Records for processing
^^^^^^^^^^^^^^^^

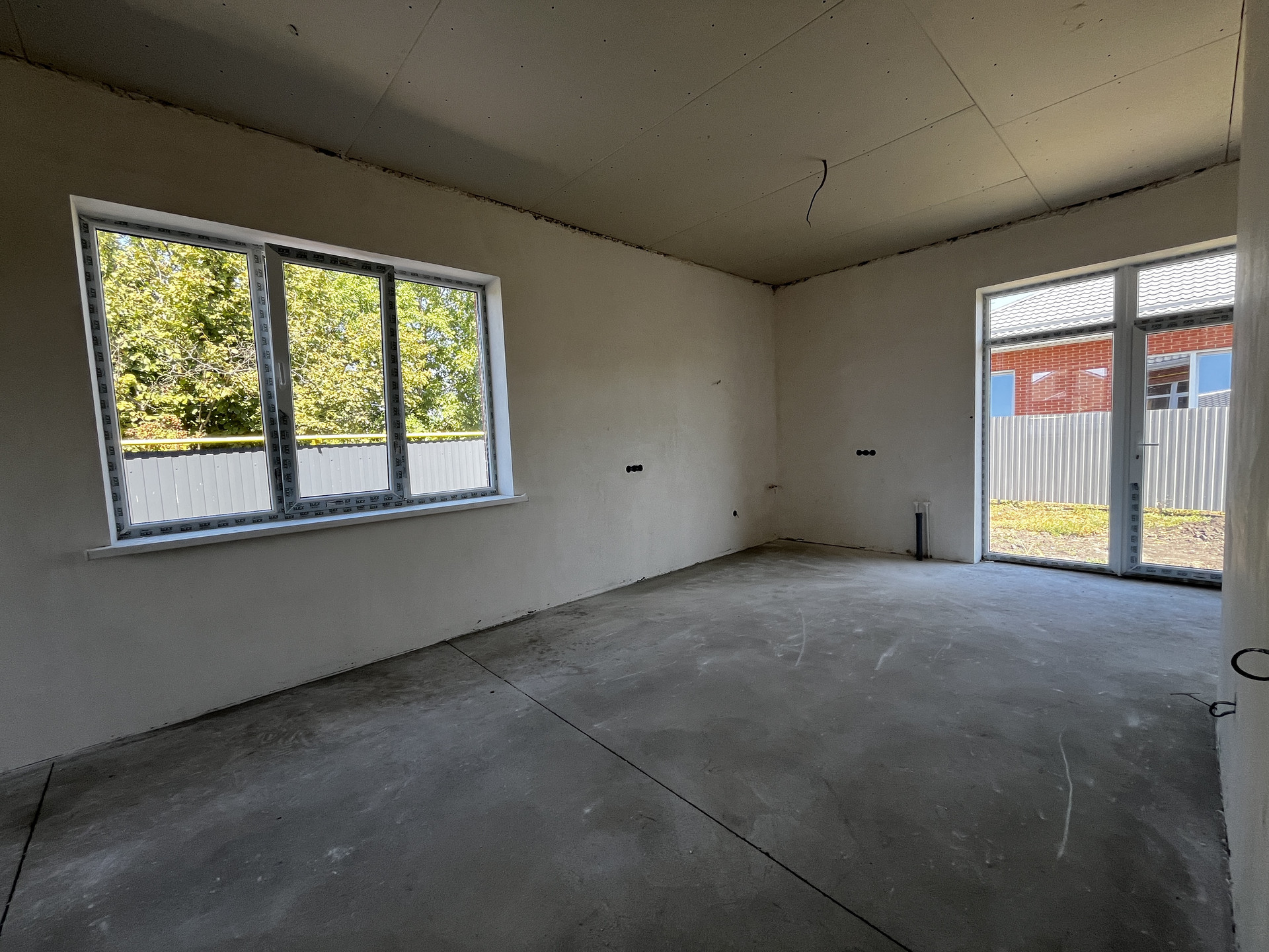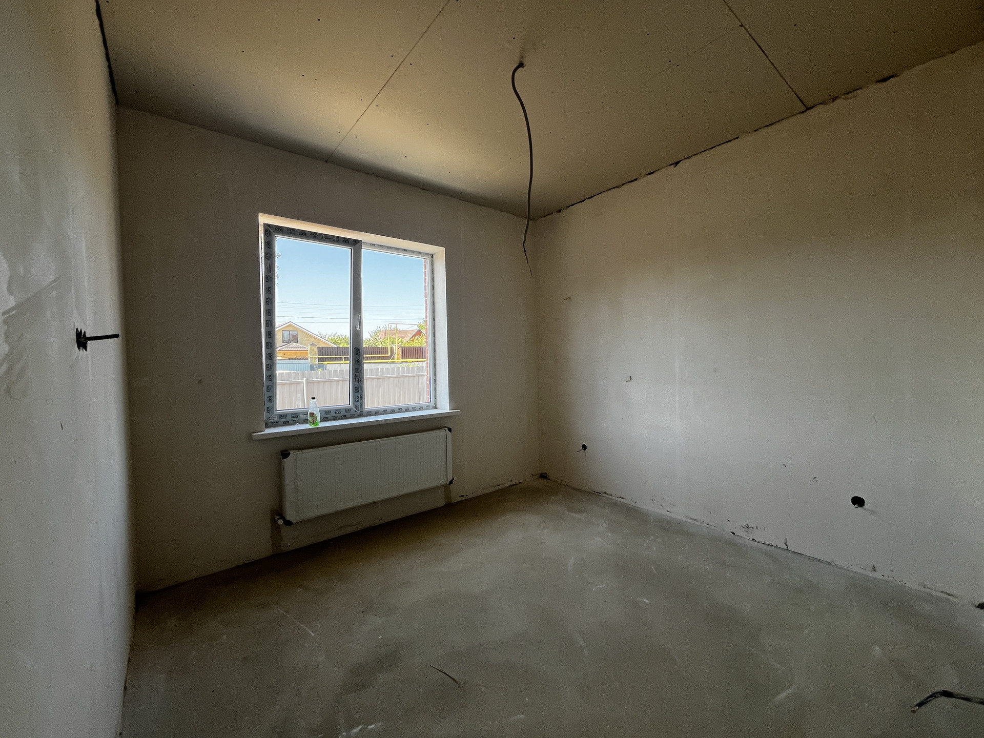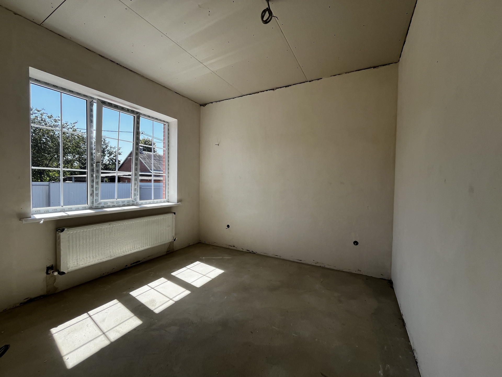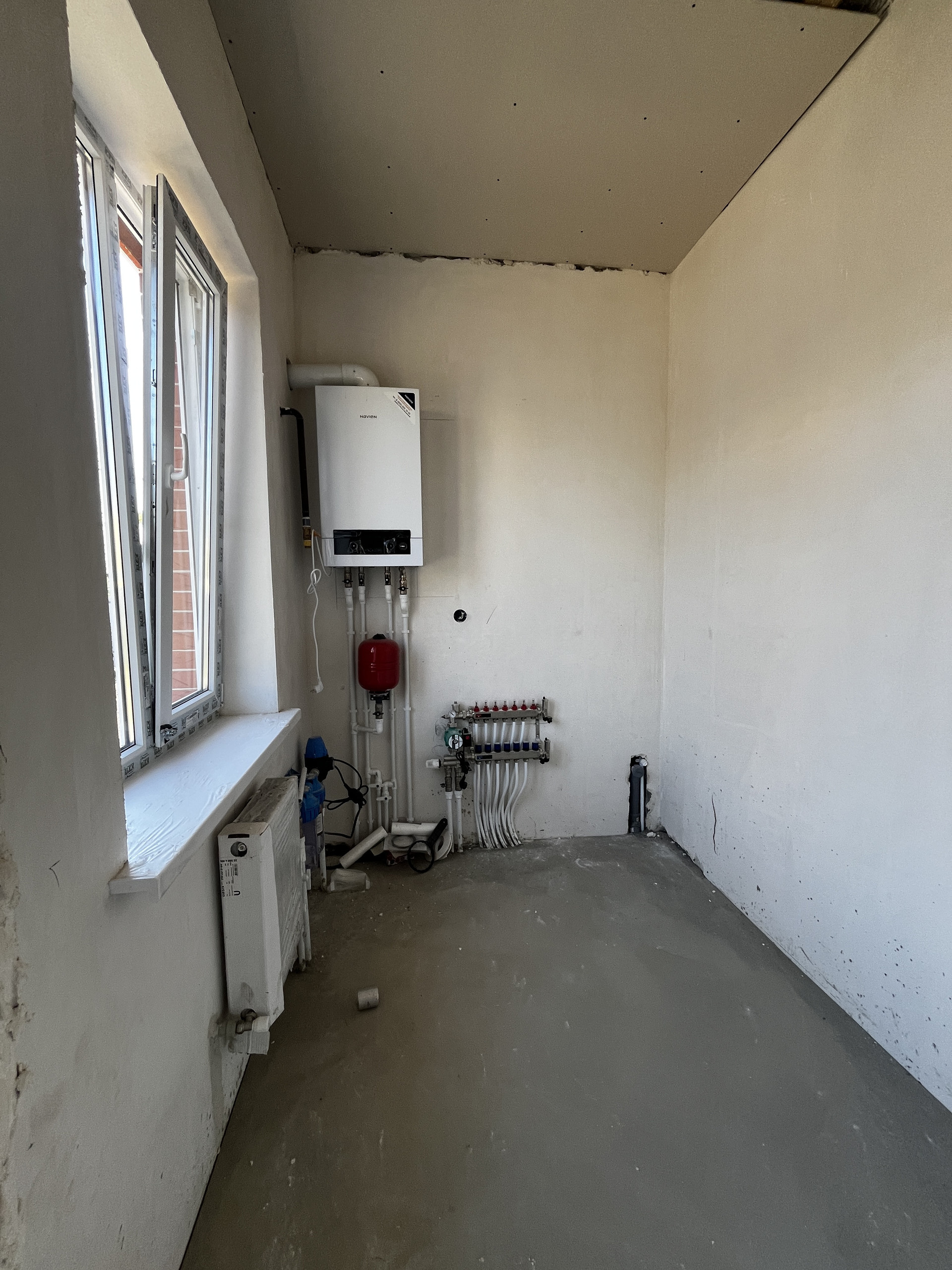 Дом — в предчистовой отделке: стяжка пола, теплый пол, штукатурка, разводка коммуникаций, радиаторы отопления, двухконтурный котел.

^^^^^^^^^^^^^^^^

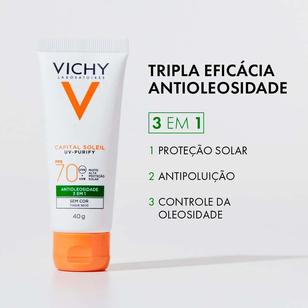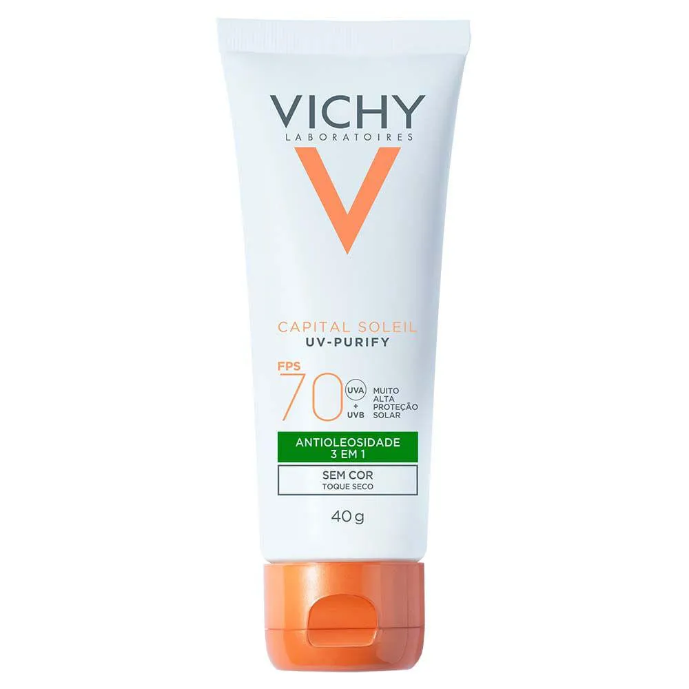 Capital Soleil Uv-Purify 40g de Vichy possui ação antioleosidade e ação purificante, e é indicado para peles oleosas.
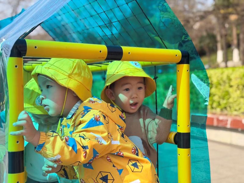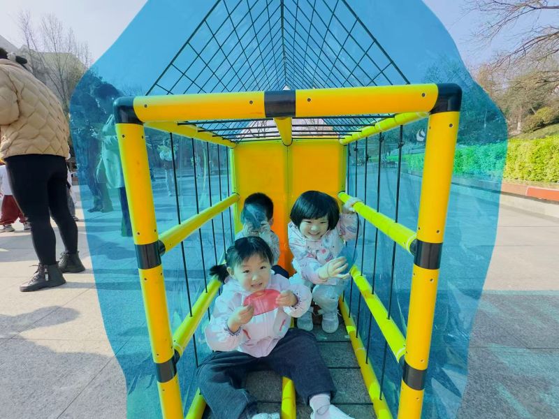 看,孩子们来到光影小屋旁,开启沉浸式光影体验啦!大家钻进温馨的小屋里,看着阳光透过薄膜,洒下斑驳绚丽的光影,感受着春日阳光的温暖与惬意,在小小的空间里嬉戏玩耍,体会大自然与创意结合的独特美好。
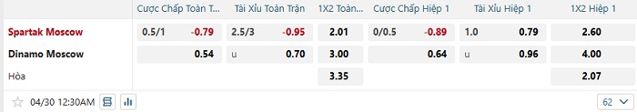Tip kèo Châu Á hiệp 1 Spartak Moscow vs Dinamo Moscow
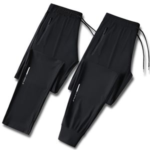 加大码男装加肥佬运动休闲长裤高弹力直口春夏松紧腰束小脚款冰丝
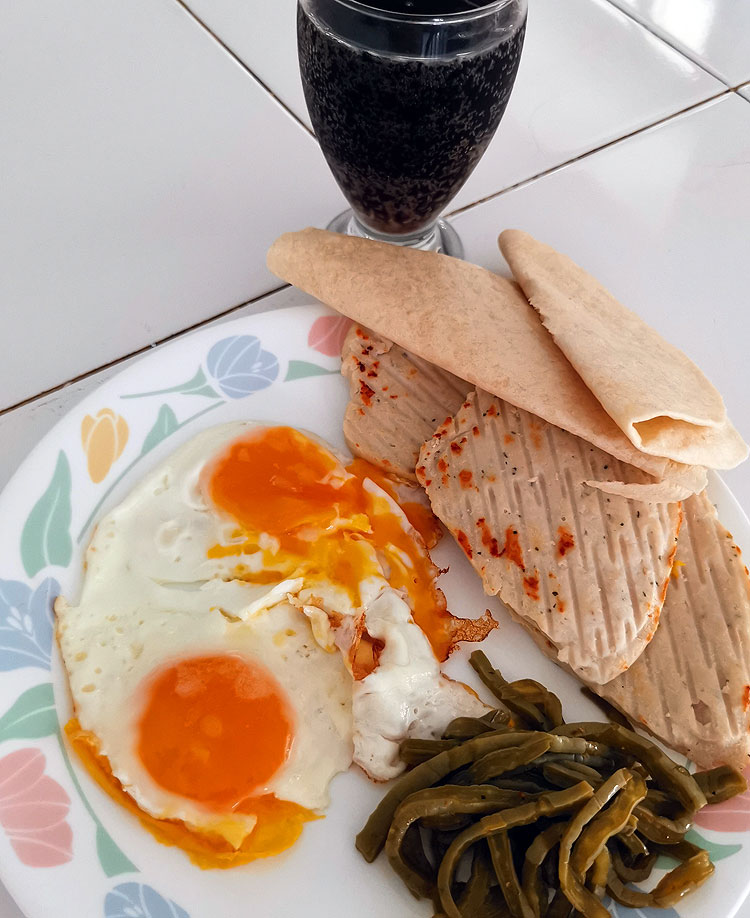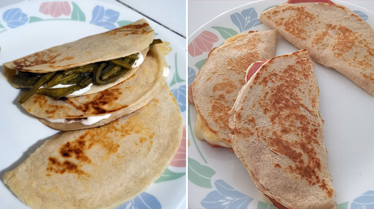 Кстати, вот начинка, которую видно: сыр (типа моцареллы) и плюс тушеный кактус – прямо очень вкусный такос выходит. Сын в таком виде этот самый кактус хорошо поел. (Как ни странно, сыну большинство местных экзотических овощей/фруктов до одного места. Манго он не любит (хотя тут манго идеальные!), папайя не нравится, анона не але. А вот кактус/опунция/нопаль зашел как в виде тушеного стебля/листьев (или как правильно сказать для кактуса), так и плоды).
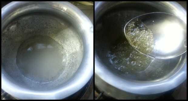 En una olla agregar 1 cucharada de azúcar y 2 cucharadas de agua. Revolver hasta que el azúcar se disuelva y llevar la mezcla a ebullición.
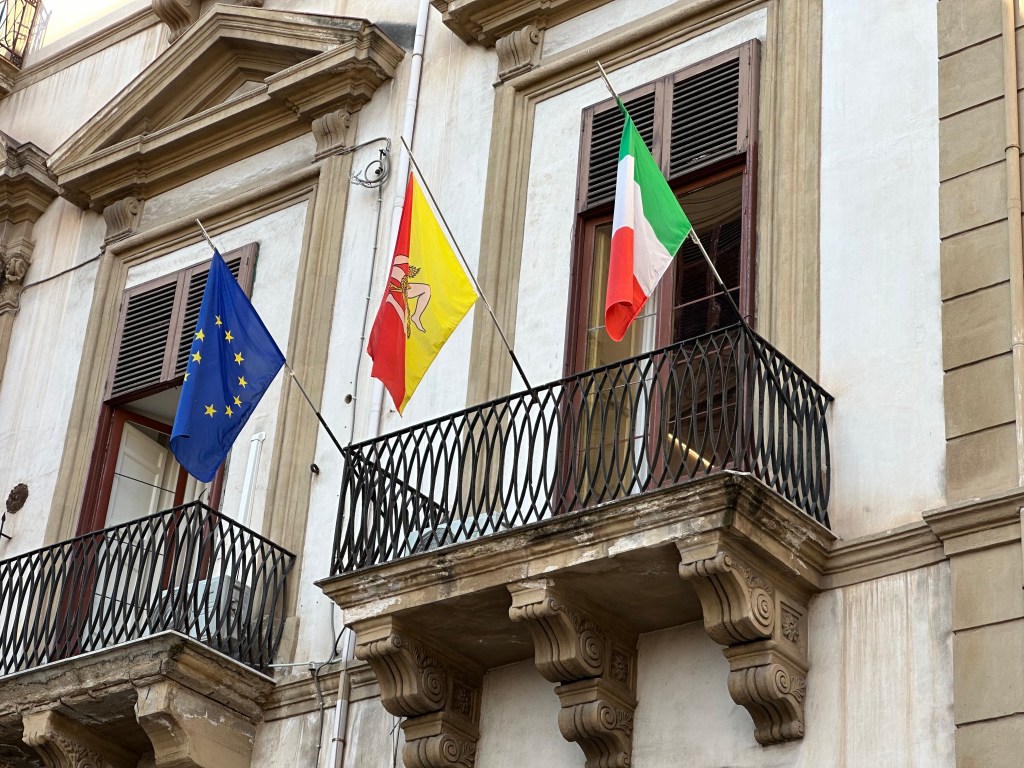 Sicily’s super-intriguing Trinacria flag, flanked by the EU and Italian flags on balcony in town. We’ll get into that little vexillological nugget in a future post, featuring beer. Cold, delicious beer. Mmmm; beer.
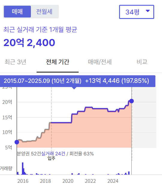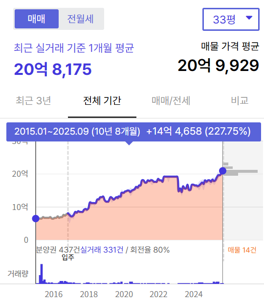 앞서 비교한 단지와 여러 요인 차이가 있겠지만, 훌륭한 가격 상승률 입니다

^^^^^^^^^^^^^^^^

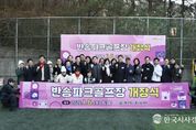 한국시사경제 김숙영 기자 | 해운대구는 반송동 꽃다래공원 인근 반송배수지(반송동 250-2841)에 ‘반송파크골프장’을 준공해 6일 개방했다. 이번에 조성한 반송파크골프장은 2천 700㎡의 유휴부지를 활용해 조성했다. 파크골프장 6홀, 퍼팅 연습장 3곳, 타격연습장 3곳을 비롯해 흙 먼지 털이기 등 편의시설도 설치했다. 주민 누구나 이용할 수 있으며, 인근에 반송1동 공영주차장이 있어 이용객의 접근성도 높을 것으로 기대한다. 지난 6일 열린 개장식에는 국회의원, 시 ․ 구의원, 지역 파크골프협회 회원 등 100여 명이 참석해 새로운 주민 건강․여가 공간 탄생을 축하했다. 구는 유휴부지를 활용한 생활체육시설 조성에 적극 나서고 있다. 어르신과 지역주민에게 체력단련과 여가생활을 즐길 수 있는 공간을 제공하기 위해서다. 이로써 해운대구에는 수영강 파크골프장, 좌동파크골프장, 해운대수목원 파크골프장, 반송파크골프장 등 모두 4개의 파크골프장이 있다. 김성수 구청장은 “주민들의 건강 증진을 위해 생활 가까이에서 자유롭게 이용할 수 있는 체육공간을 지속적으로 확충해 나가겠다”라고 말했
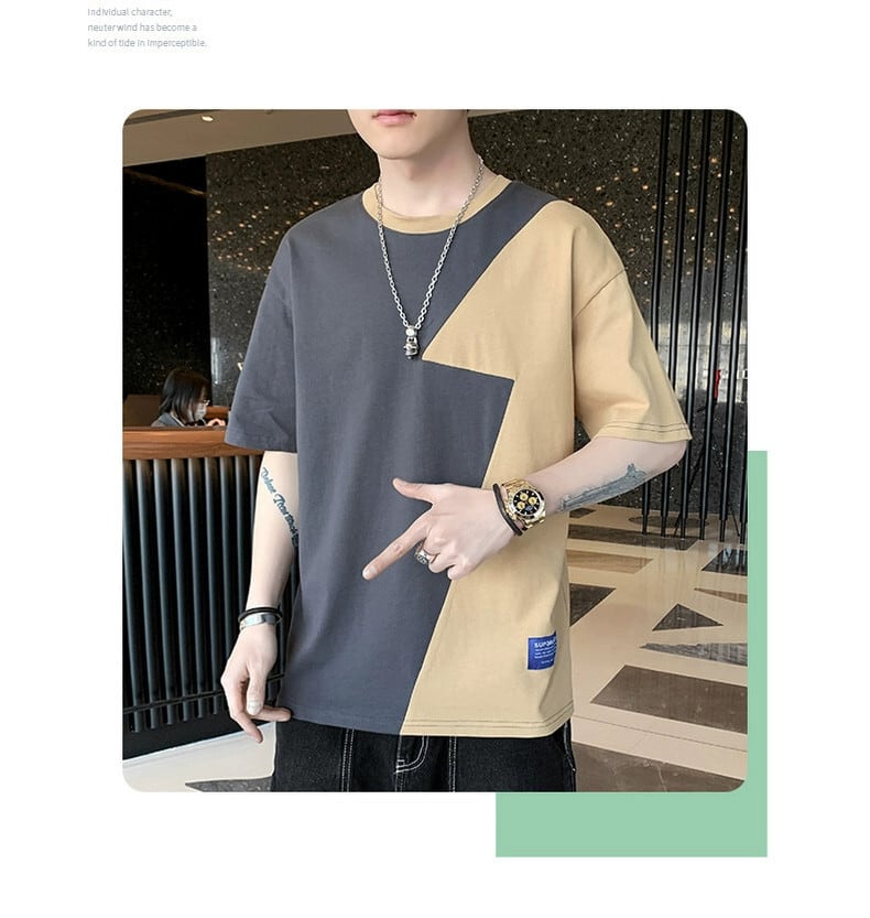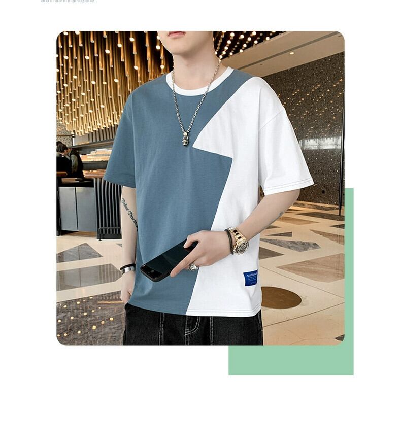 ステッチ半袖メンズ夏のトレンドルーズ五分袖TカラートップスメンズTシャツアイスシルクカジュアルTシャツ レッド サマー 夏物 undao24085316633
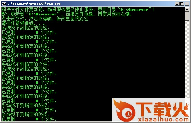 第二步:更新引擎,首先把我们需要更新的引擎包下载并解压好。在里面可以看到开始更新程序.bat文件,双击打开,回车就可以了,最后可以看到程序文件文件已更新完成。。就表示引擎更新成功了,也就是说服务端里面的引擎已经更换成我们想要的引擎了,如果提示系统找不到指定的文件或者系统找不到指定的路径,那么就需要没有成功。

^^^^^^^^^^^^^^^^

Assignment
Of the records above, print only the lines from the one containing "加大码男装加肥佬运动休闲长裤高弹力直口春夏松紧腰束小脚款冰丝" through the one containing "Кстати, вот начинка, которую", inclusive and unaltered, leaving out pictures.

Response below
 加大码男装加肥佬运动休闲长裤高弹力直口春夏松紧腰束小脚款冰丝
 Кстати, вот начинка, которую видно: сыр (типа моцареллы) и плюс тушеный кактус – прямо очень вкусный такос выходит. Сын в таком виде этот самый кактус хорошо поел. (Как ни странно, сыну большинство местных экзотических овощей/фруктов до одного места. Манго он не любит (хотя тут манго идеальные!), папайя не нравится, анона не але. А вот кактус/опунция/нопаль зашел как в виде тушеного стебля/листьев (или как правильно сказать для кактуса), так и плоды).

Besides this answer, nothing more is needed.